9 Horrible Car Sales Techniques and How to Replace Them
The job of the classic car salesman is bound to vanish and, if you ask consumers, with it some of the most annoying selling techniques out there. There is lots to learn from what went wrong here.
According to McKinsey , the average number of times a consumer visits a car dealer before buying a car has dropped from 5 to 1.6. No surprise, if you ask The Economist , which quoted surveys indicating that consumers find these visits “boring, confrontational and bureaucratic.”
Apparently, the Honest John way of selling is no longer called for. Today’s buyers much rather collect information online and go to dealerships only for test rides and picking up the car.
Here are 9 of the most infamous car sales techniques and how to replace them with something more modern, customer-friendly and effective.
1
Intentional information asymmetry
Most scammy sales tactics are possible in the first place because the seller holds a monopoly on information about the product. Their consumers, when at a systematic information disadvantage, have no choice but to trust the vendor.

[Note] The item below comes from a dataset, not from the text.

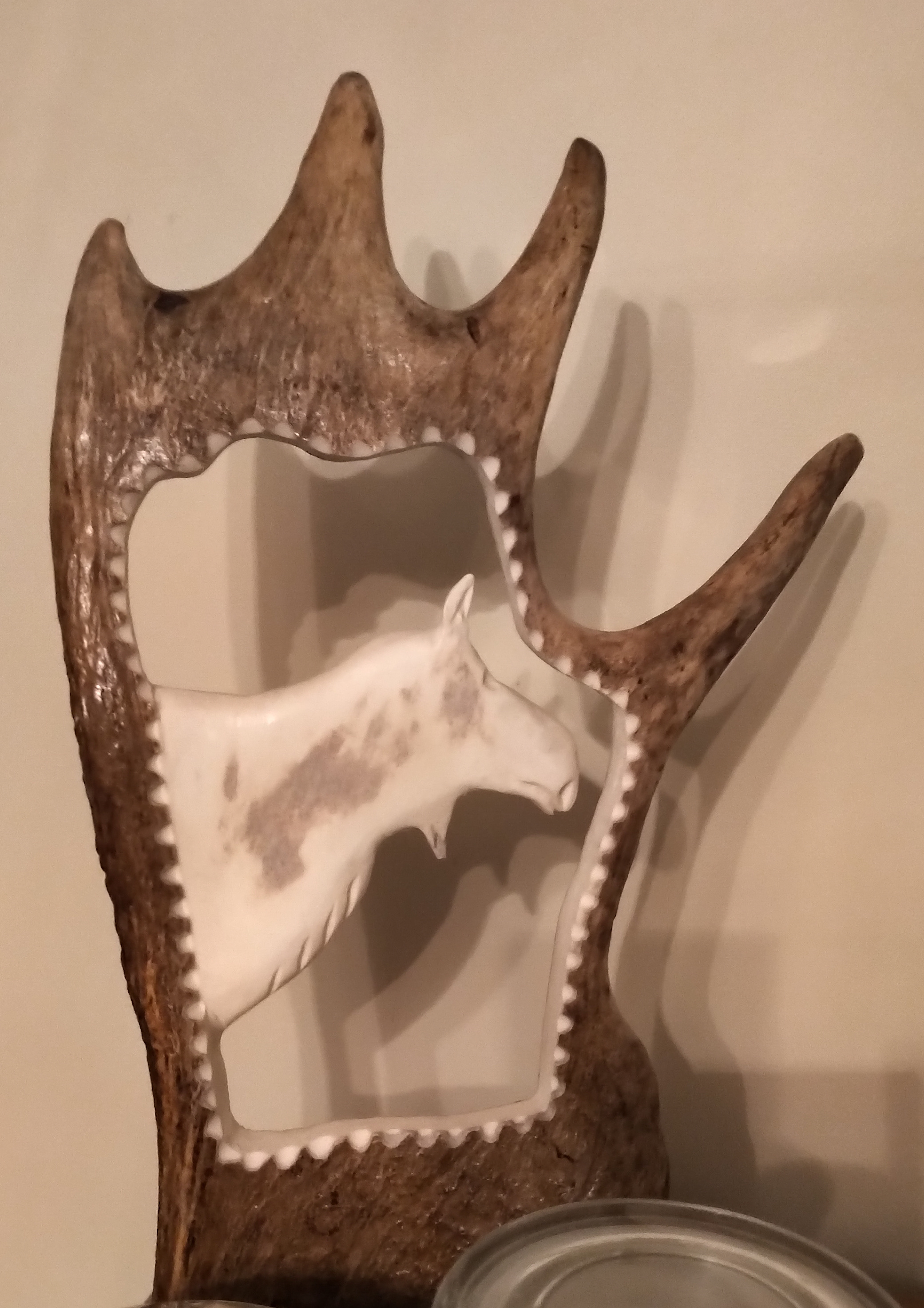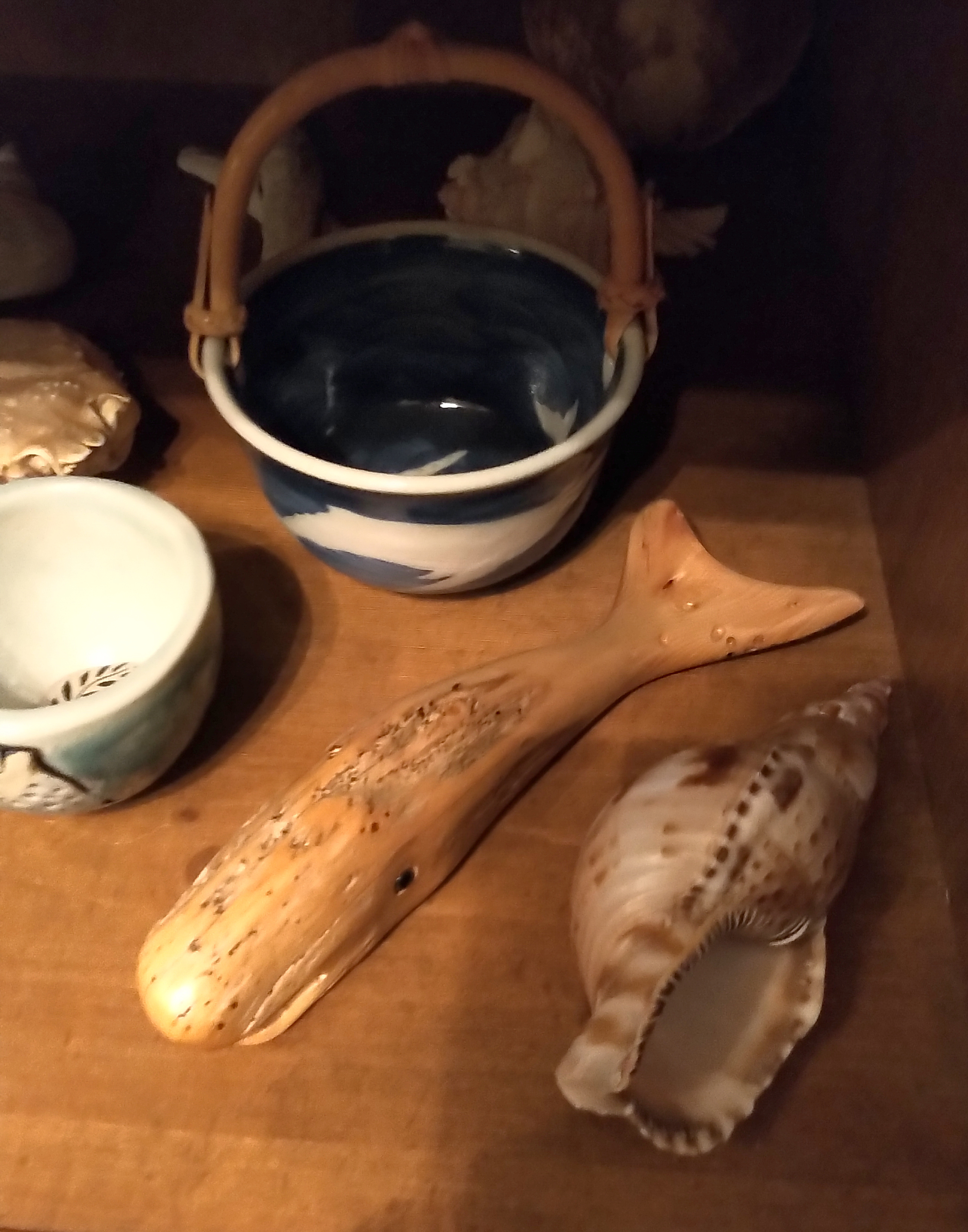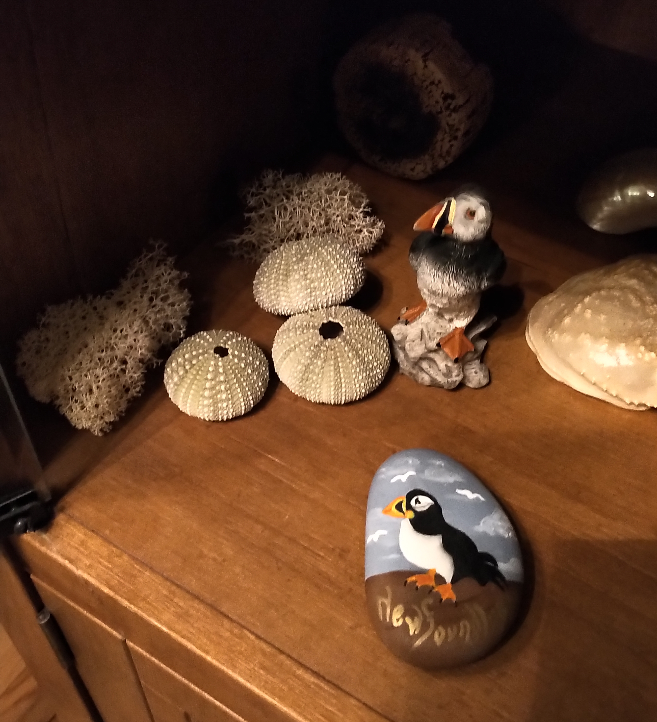 Pull up a chair in the family room, it’s bountifully filled with treasures depicting puffins, whales, shells, moose, boats, port-hole clock (not that we track time time here!), antler and whale-bone carvings, lighthouses, saltbox houses, caribou, and all things wild and charming…. complete with my dear father’s binoculars in their old leather case – I well remember him using these on our Algonquin trips, and now I can use them to scan the coast – he would have loved to use them here as well. It is also very special to have my dear friend Graham’s painting on the wall (one of a few I have), depicting an old shelter in nearby Jamestown which is no longer there. Sadly, Graham’s eyesight is also gone so the value of the painting is intensely increased for me.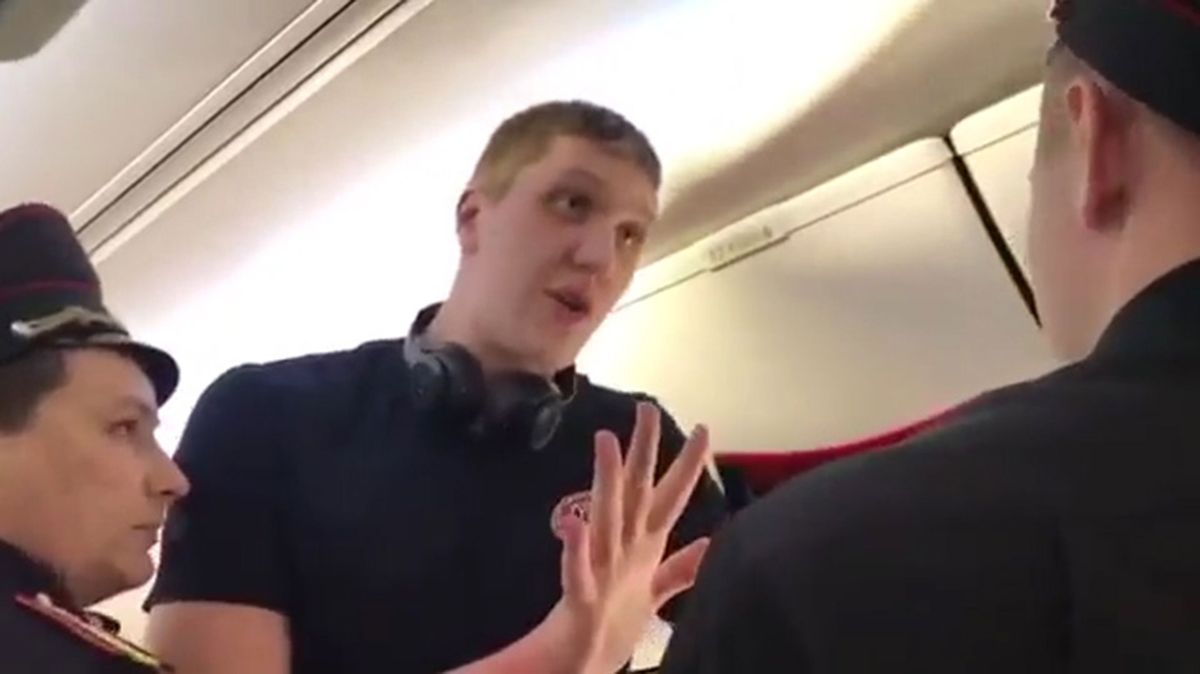 Tras volver a su sitio, Kimérov, de 20 años, no tuvo más remedio que sacar sus largas piernas al pasillo, algo que prohíben las normas de seguridad aérea.

Because the proverbial selling of “lemons” offers particularly high profit margins, intentional information asymmetry is a lucrative sales angle in any industry.
It ranges from the cover up of minor product flaws up to planned obsolescence , the most blatant manifestation of information asymmetry, in which products are designed to fail prematurely. If you ever wondered why your expensive smartphone suddenly takes forever to open a text, this might be the reason .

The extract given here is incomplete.